D’une polémique à l’autre. Tel est le lot d’une société tunisienne sous tension, en quête de sens et incertaine de son avenir. Un mot est au cœur de ce questionnement existentiel : révolution. Un mot devenu sacré dans l’espace politique et empreint d’un dogmatisme si puissant qu’il échappe à toute réflexion critique de la part de ceux qui l’emploient allègrement comme label ou argument d’autorité. De même que pour la religion, les appels incessants à la «république» par des forces politico-sociales antagonistes jettent le trouble. Car la révolution n’est pas un acquis et sa signification n’est pas univoque.

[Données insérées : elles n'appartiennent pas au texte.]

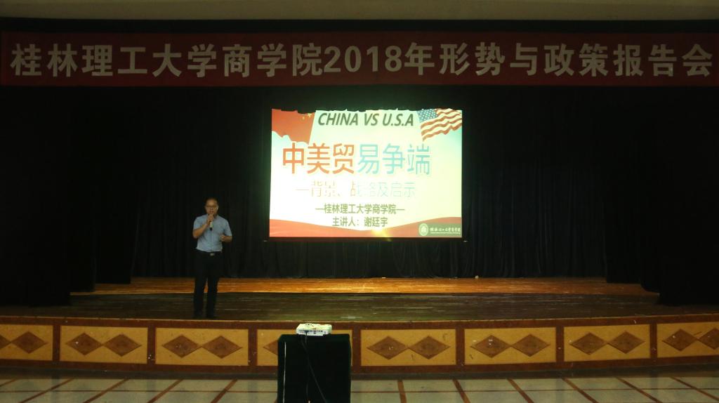 谢廷宇老师从2018年中美贸易争端的最新进展切入,详细介绍了中美贸易争端的背景及原因,中美贸易争端的领域、诉求及策略等内容,用生动的语言、权威的数据把中美贸易摩擦持续升级的过程进行回顾和梳理,让同学们对于中美贸易战的势态发展有最新认识。在报告会尾声,谢廷宇老师用“风声雨声读声声声入耳,家事国事天下事事事关心”的对联激励同学们,并向在场的同学们提出几点期望:一、面对国内外复杂形势必须要有大局观,保持理性;二、坚决拥护党的领导;三、深刻认识时代赋予我们的责任;四、励志、求真、力行,做奋斗者和实干家。
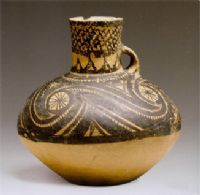 直口、長頸、鼓腹,壺頸與壺身連接處有一單柄,表面磨光,以黑色和紫紅色彩繪出網(wǎng)格紋、旋渦紋等紋飾。出土于甘肅省碾伯省。
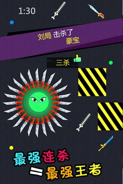 《刀剑英雄大作战》是一款主打休闲飞刀元素的小游戏,玩法设计得十分简单——玩家只需用手指点击屏幕,就能操控画面里的小球。游戏过程中,你得灵活躲避或防御其他小球的攻击,同时捡起地面上散落的各类武器;挑战时,优先选择地图上防御力较低的敌人发起对决,这样既能提高获胜概率,还能让自己在排行榜上的名次更靠前。 游戏看似操作简单,实则藏着需要极限操作的精彩竞技内容,一击致命的机制更是让操作顶尖的玩家能轻松制霸全场。你需要不断升级自身属性、追求能力极限,还得在魔性十足的对决中一步步进化;游戏遵循“大鱼吃小鱼”的基础规则,玩家可通过吞噬其他小球来成长,同时还要不停走位,尽量避开敌人周围环绕的武器。

La Tunisie s’est engagée dans un véritable processus de démocratisation, synonyme d’un nouvel ordre politique, et social fondé sur un acte constituant fondateur de la seconde République. Sur le plan externe, la journée du 14 janvier 2011 a provoqué une onde de choc, non un effet domino, dans tout le monde arabe : par-delà les images anecdotiques de citoyens chinois brandissant des jasmins après la chute de Ben Ali, c’est un message révolutionnaire de portée universelle qui a été délivré, susceptible d’être lu à l’aune de la conception rousseauiste de la souveraineté populaire, de la démocratie directe et de l’égalité réelle. La modernité de cette révolution tient dans sa mise en cause de l’idée tenace de l’inadaptation supposée de certains peuples à manifester tout désir de démocratie…
Si le temps n’est pas encore au bilan de cette expérience unique, il reviendra aux historiens de souligner la pertinence et les limites de toute analogie avec les « révolutions-modèles » (1789, 1917). Dès le lendemain du 14 juillet 2011, les observateurs se sont interrogés- et s’interrogent encore- sur la nature des évènements : de quoi sont-ils le nom ? Dans la mesure où la « révolution » appartient à l’histoire contemporaine de l’Occident, ce terme est-il idoine pour qualifier une « chose tunisienne » qui s’inscrit dans un autre espace-temps ? Le 14 janvier 2011 ne correspond-il pas plutôt à une forme de « décolonisation de l’intérieur », à une nouvelle déclaration d’indépendance à l’encontre de clans familiaux et mafieux ? Ou s’agit-il d’un simple changement de régime ?
La révolution ne remet pas en cause la forme du gouvernement : la République est confirmée, confortée, mais sur des bases constitutionnelles et politiques rénovées. Quelle République ? A la fois notion philosophique et système empirique, la «république» désigne tout à la fois l’État (souverain) et ses institutions, une forme de gouvernement (alternative à la monarchie et à l’empire) et un système de valeurs (de plus en plus assimilé à la démocratie). Cette définition est confortée par l’étymologie du mot (du latin res publica, «chose publique»), laquelle oppose la République à la «chose privée» et par extension à l’intérêt privé, à l’espace privé. Or cette construction binaire (public – privé) est mise en péril par divers modes d’expression où prévalent l’individualisme social et le pouvoir financier. La frontière entre les différentes sphères est brouillée et tend à se dissiper.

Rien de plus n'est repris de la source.